WE HAVE NOT YET REACHED THE BOTTOM

 
David Morris
CFD MARKET STRATEGIST, GFT

WE’RE getting closer to the end of the summer and there is a growing fear that the rest of the year will see serious ructions in the financial markets. US economic data remains unremittingly bleak, and it is a sign of how technically traded the US stock market has become. Any bounces off support are backed up with the line that the data is so bad that it can’t get any worse from here. Unfortunately, it can, and the current trend in a number of significant data points (such as housing, employment, GDP and leading indicators) is pointing downwards.

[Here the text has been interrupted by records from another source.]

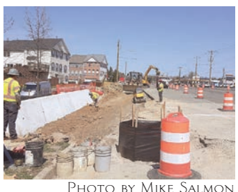
Looking north along Rolling Road, crews are busy relocating the curb to allow another lane to fit in this tight space in western Springfield.

The price tag on both projects together is $78.9 million, and this funding comes from federal, state, county and Northern Virginia Transportation Authority funds. Initially, officials looked at putting the utilities underground in this area, but "this is no longer being pursued due to cost," VDOT said.
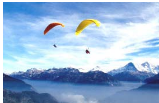
Paragliding in Interlaken

Partners under the Interlaken Tourism umbrella brand also have numerous celebration specials lined up for holders of a Guest Card. Every two weeks in June and September, the idyllic village of Bönigen will offer visitors a free horse-drawn carriage ride. And in June, a racy scooter-bike ride from the Niederhorn down to Beatenberg will be well worthwhile with half-price scooter rental. In Beatenberg, tennis fans can enjoy one hour on the court for free in July
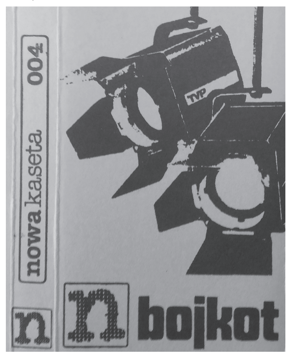
Figure 1. Cover art for Boycott (1983).
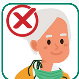
Around your neck
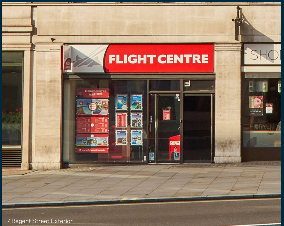
7 Regent Street Exterior
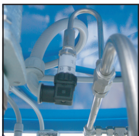
Integrated Bulk Tank Pressure Sensor
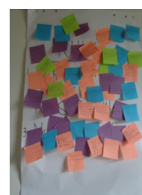
Samples of learning aids used in training sessions depicting subject of discussion
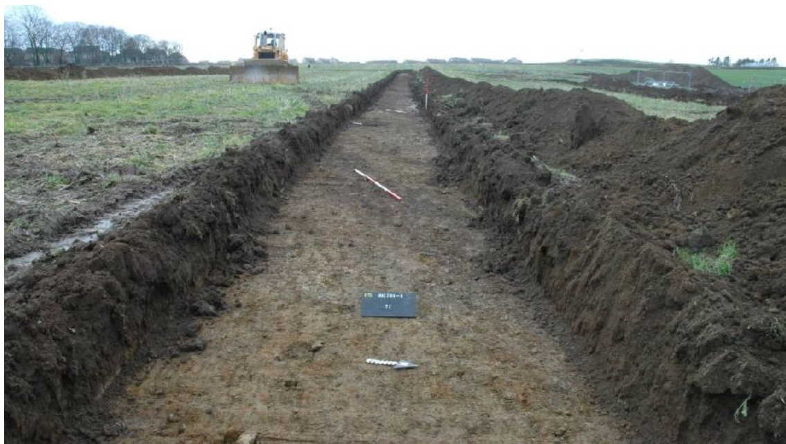
Illus 3 Trench 2 looking SW showing rig and furrow

The two flints indicate some prehistoric activity in the area, which agrees with the number of stray finds from Conglass Farm and the evidence of the evaluation undertaken by Cameron Archaeology to the N of the road in 2013. However, as the surviving rig and furrow suggests, there has been intensive agricultural activity on the site for several hundred years and no features of prehistoric date were observed surviving in any of the evaluation trenches.
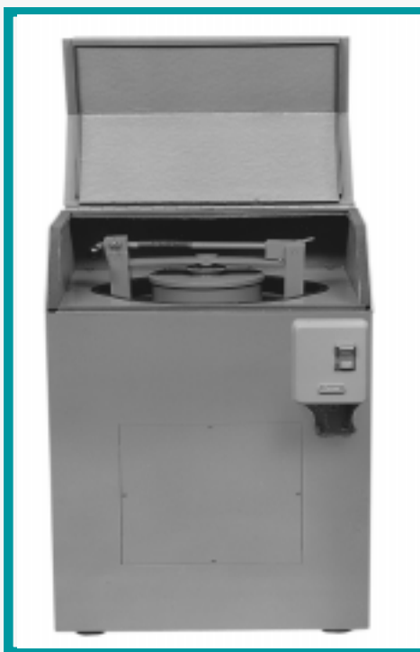
Model VP-1989 Ring Mill
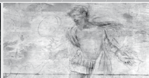
• Art inspection
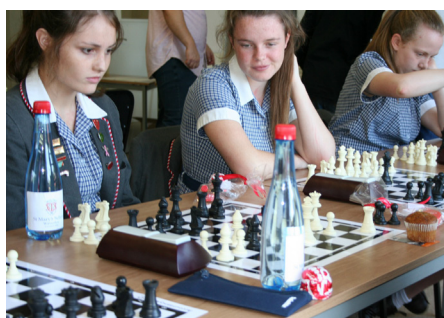
St Mary's girls in action
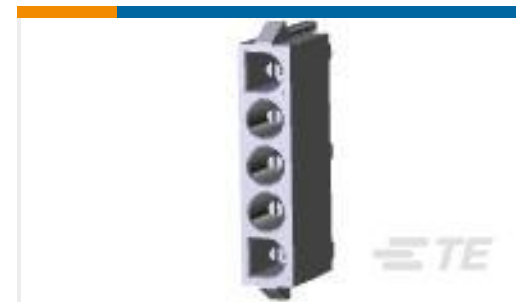
TE Part #643406-1 05P UMNL PIN HDR ASSY POL 94VO
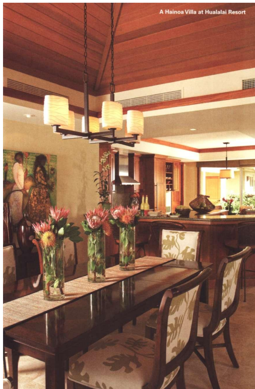
A Hainoa Villa at Hualalai Resort

In the US, July existing and new home sales were released last week. New home sales were down 12.4 per cent on the month while existing home sales plunged 27 per cent to their lowest level in 15 years. The collapse in the housing data follows the ending of the government’s tax credits back in April this year. Yet a decline in bond yields has helped to drive mortgage rates down to record lows. Last week the average rate for a 30-year fixed rate loan fell to 4.36 per cent, its lowest level since Freddie Mac began keeping records in 1971. Despite this, activity in the residential housing market is sclerotic. Sales have been hit by the slowing economy, high unemployment, negative equity and stricter credit standards. Inventories of unsold new homes are up to 9.1 months, and homebuilders continue to add to the stock. As this is July’s data, the probability is that next month will be worse since the August National Association of Home Builders’ index fell for the third month in a row. So we can’t assume this is the bottom.

This has to be worked through properly. Rather than hosing dollars at the economy to try to prop up asset prices, central banks should allow them to adjust down. Banks should be made to write down (or off) their bad assets and rates should be left to the markets. Government meddling delays house prices falling to levels where activity can rebound. Although it will be painful, a greater volume of transactions will stimulate jobs growth, giving the economy a chance to heal.